Le nouveau procès d’Uvalde allègue que les tactiques de marketing de Daniel Defense ont violé la Loi sur la Commission fédérale du commerce en utilisant de manière négligente l’imagerie militariste, le placement de produits dans les jeux vidéo de combat et les médias sociaux pour cibler « les jeunes hommes vulnérables et violents », a déclaré Eric Tirschwell, directeur exécutif d’Everytown Law.
« Ce n’est pas par hasard qu’il est passé du stade où il n’avait jamais tiré avec une arme à feu à celui où il brandissait un Daniel Defense AR-15 », a déclaré Tirschwell, citant les conclusions d’un rapport rédigé par un comité d’enquête de la Chambre des représentants du Texas. « Nous avons l’intention de prouver que le marketing de Daniel Defense était un facteur important dans les choix que Ramos a fait. »
La société, basée à Black Creek, en Géorgie, n’a pas immédiatement répondu à un message demandant un commentaire, mais lors d’une audience du Congrès au cours de l’été, le PDG Marty Daniels a qualifié la fusillade d’Uvalde et d’autres comme elle de « mal pur » et de « profondément troublant ». Il a néanmoins fait la distinction entre les armes elles-mêmes et la violence, affirmant que les fusillades de masse en Amérique sont des problèmes locaux qui doivent être résolus localement.
Everytown fait également partie d’un procès similaire après une fusillade contre des participants à une parade à Highland Park, dans l’Illinois, fondé sur une loi d’État. Si les arguments fondés sur la loi fédérale sont acceptés, cela pourrait exposer les fabricants d’armes à des poursuites civiles coûteuses, alors que le pays est aux prises avec une augmentation de la violence armée et une série brutale de fusillades de masse.
« Ce serait un pas important vers la responsabilisation des fabricants d’armes à feu si leur marketing dépasse les bornes », a déclaré M. Tirschwell.
L’affaire nomme également l’armurerie où Ramos a acheté l’arme utilisée dans la fusillade, ainsi qu’un autre AR-15 et des munitions, des achats qui ont totalisé des milliers de dollars, bien qu’une seule arme ait été utilisée dans la fusillade. Selon le rapport de la Chambre des représentants du Texas, l’un des clients a déclaré plus tard au FBI qu’il « ressemblait à … un tireur scolaire ».
Le rapport de juillet indique que près de 400 agents des forces de l’ordre se sont précipités sur les lieux de la fusillade, mais que des « décisions manifestement médiocres » ont entraîné plus d’une heure de chaos avant que le tireur ne soit finalement confronté et tué. Il a critiqué les forces de l’ordre de l’État et fédérales, ainsi que les autorités locales, pour ne pas avoir suivi la formation au tir actif et avoir privilégié leur propre sécurité à la vie des victimes.

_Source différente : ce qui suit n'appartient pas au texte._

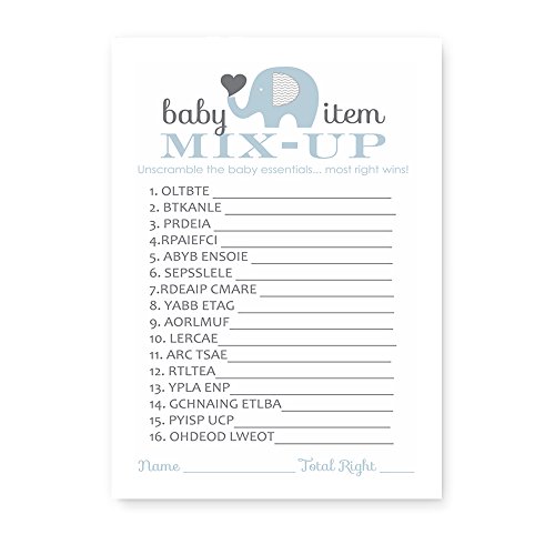 Blue Elephant Baby Shower Game Word Scramble ( 25 Pack )

Un autre parent dont l’enfant a été blessé lors de la fusillade et deux parents dont les enfants se trouvaient sur le campus au moment des faits ont intenté le premier procès lié à la fusillade d’Uvalde fin septembre.
Pour Sandra Torres, l’affaire est aussi un autre moyen d’obtenir des réponses sur la réponse bâclée de la police.
« Pendant 77 minutes, ils n’ont rien fait. Rien du tout », a-t-elle déclaré. « Elle ne saura jamais ce que c’est que de se marier, d’obtenir son diplôme, d’aller à son premier bal de fin d’année… elle n’oubliera jamais leurs visages ».